Welcome to "heron" repository. Heron is a library that seamlessly integrates multiple Vision and Language models, as well as Video and Language models. One of its standout features is its support for Japanese V&L models. Additionally, we provide pretrained weights trained on various datasets.

Please click here to see the multimodal demo pages built with different LLMs. (Both are available in Japanese)

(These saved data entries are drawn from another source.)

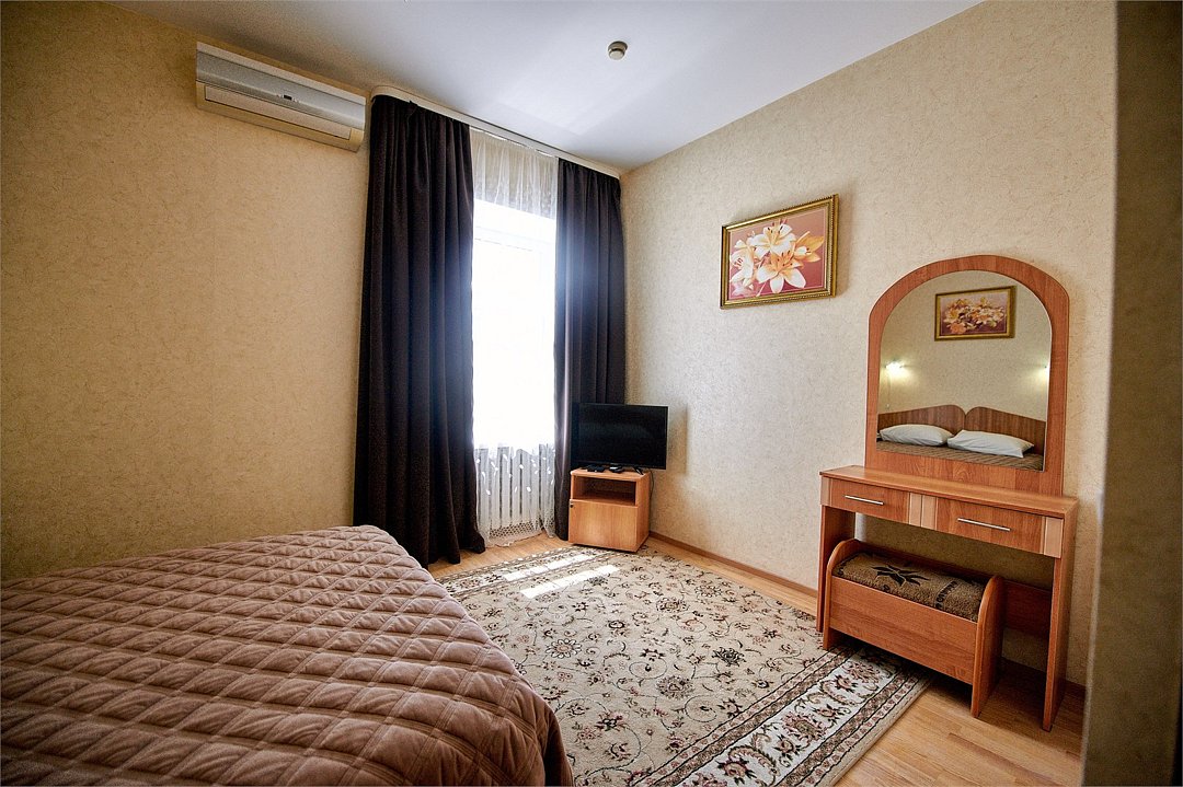 Wi-Fi, телефон, кондиционер, светильник, фен, ванная комната, душевая кабина, санузел, банные полотенца, тапочки, гигиенические средства, двуспальная кровать, тумбы, стулья, шкаф для одежды, вешалки, письменный стол, багажная тумба, зеркало, ковер, обслуживание номеров, унитаз, ковровое покрытие, отопление, душ, вид на город, вид во двор, стаканы, стул, стол, туалет, цифровое тв, внутренний телефон, телевизор с плоским экраном, мини-холодильникВ номере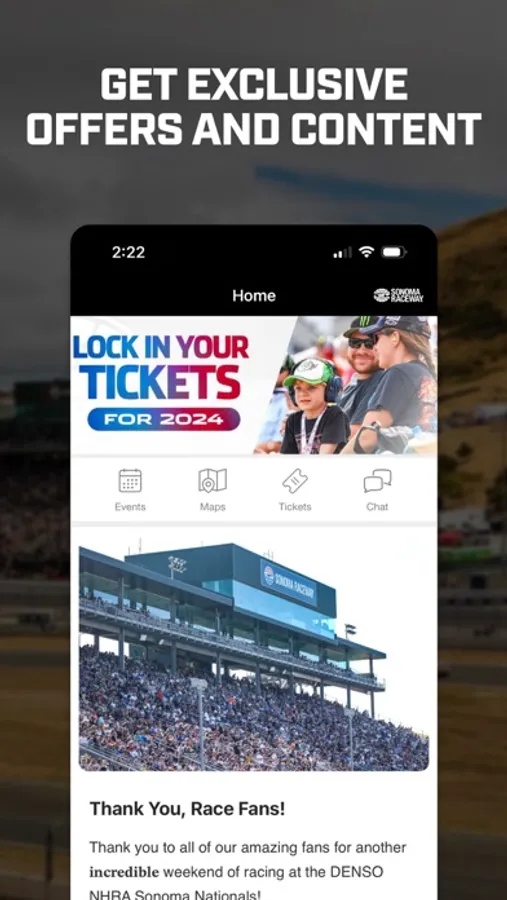 Welcome to the official app of the Sonoma Raceway, bringing fans closer to the action and enriching your event experience. Get all the info you need for race day and beyond, plus exclusive content, and personalized offers and experiences. This is a mobile experience to help you find what you love whether it’s event information, special access, or offers and discounts. Powered by Uphoria.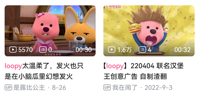 在视频平台上搜索loopy,能搜到许多一两年前、loopy形象刚传进国内时的内容,大多是常规动画片段、播放量不高。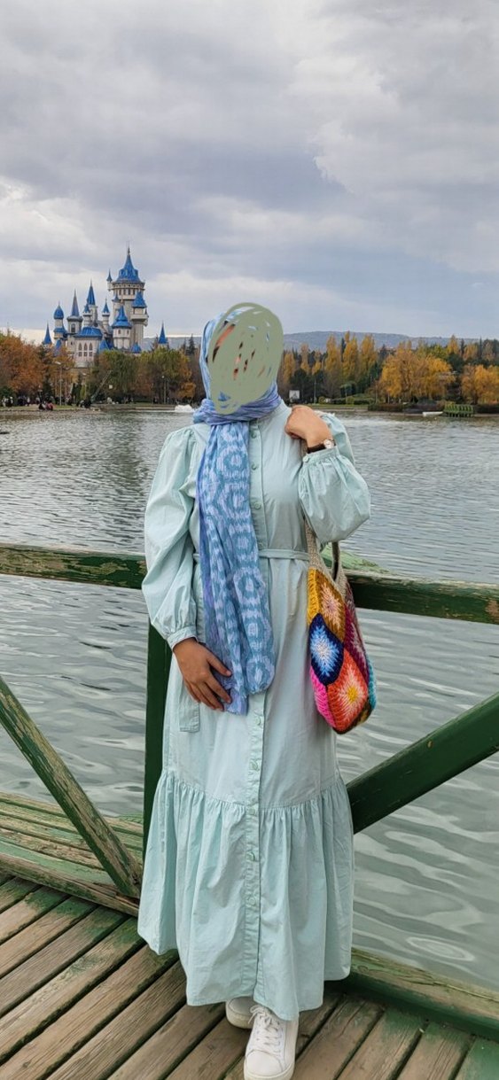 lcw a marka bi kez giyildi.utüsuz sadece yeni yikandigi icin.rengi cok soluk yeşil mavi arasi göründüğü gibi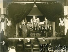 15-16.12.1981, Gdańsk, Polska. Msza św. dla stoczniowców, odprawiona przez księdza Bronisława Srokę w sali BHP Stoczni Gdańskiej im. Lenina podczas strajku okupacyjnego. Zdjęcie wykonano w nocy na kilka godzin przed wkroczeniem sił ZOMO i wojska, pacyfikacją strajku i aresztowaniem przywódców strajku. Przemawia Anna Walentynowicz. Fot. Stanisław Składanowski, zbiory Ośrodka KARTA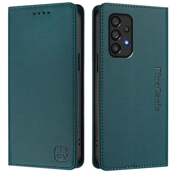 For Samsung Galaxy A53 5G RC01 Dual-Folded Magnetic Suction RFID Leather Phone Case(Dark Green)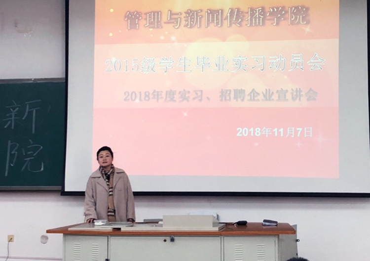 为进一步巩固学生专业理论知识,拓展学生视野,提高学生专业实践能力,11月7日下午,管理与新闻传播学院2015级实习动员大会在教学楼111教室召开,党总支副书记高鸿雁、副院长姚瑶、相关专业教研室支部书记及班导师出席了会议。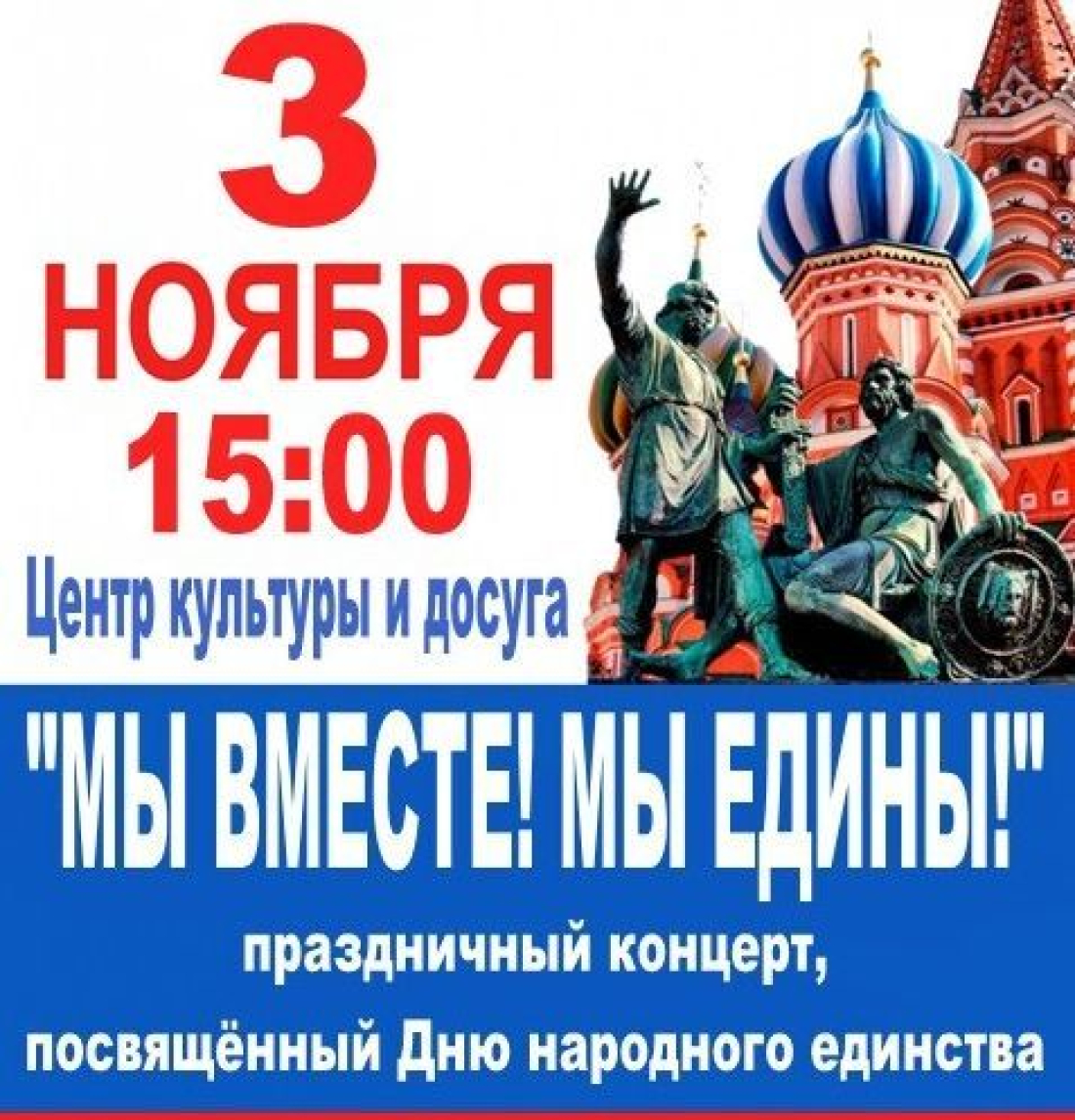 В зрительном зале Центра культуры и досуга р.п. Быково 3 ноября в 15.00 состоится праздничный концерт, посвященный Дню народного единства «Мы вместе – мы едины».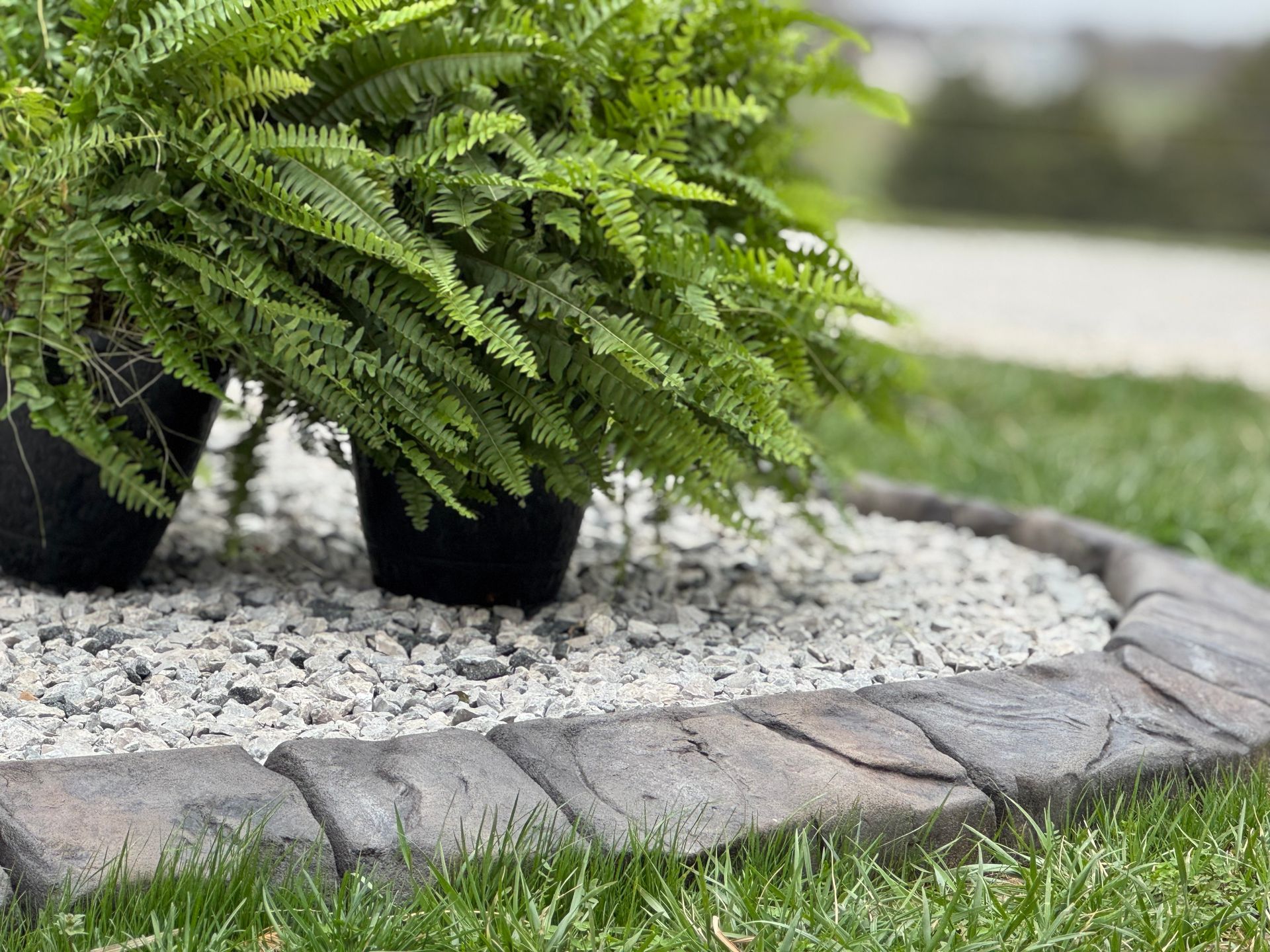 Smooth concrete curbing with rounded edges is safe for bare feet and paws. Set it low enough to avoid trip points but high enough to contain mulch and keep your grass clean. Fill the beds with larger, rounded river rock instead of tiny pea gravel that sticks to shoes and spreads all over the yard. At Step Above Curbing, we customize the height to match your mower deck and your family's use of the outdoor space.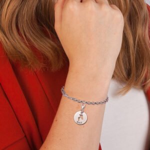 Deze ronde charm-naambedel met baby voetjes heeft een diameter van 14 mm en is gemaakt van 925 sterling zilver. De charm-naambedel bestaat uit een rond, zilveren plaatje met daarin twee uitgespaarde voetjes en daaronder ruimte voor één door u opgegeven gegraveerde naam. Deze charm-naambedel is bijzonder leuk als cadeau voor de moeder van de pasgeborene en zal zeker in de smaak vallen.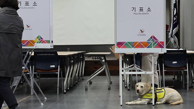 한남동 투표소에서 한 시각장애인 안내견이 투표를 기다리고 있다.

Heron allows you to configure your own V&L models combining various modules. Vision Encoder, Adopter, and LLM can be configured in the configuration file. The distributed learning method and datasets used for training can also be easily configured.

Installation

1. Clone this repository

git clone https://github.com/turingmotors/heron.git
cd heron

2. Install Packages

We recommend using virtual environment to install the required packages. If you want to install the packages globally, use pip install -r requirements.txt instead.

2-a. Poetry (Recommended)

Using pyenv and Poetry, you can install the required packages as follows:

# install pyenv environment
pyenv install 3.10
pyenv local 3.10

# install packages from pyproject.toml
poetry install

# install local package
pip install --upgrade pip  # enable PEP 660 support
pip install -e .

# for development, install pre-commit
pre-commit install

2-b. Anaconda

Using Anaconda, you can install the required packages as follows:

conda create -n heron python=3.10 -y
conda activate heron
pip install --upgrade pip  # enable PEP 660 support

pip install -r requirements.txt
pip install -e .

# for development, install pre-commit
pre-commit install

3. Resister for Llama-2 models

To use Llama-2 models, you need to register for the models. First, you request access to the llama-2 models, in HuggingFace page and Meta website.

Please sign-in the HuggingFace account.

huggingface-cli login

Training

For learning, use the yaml configuration file under the projects directory.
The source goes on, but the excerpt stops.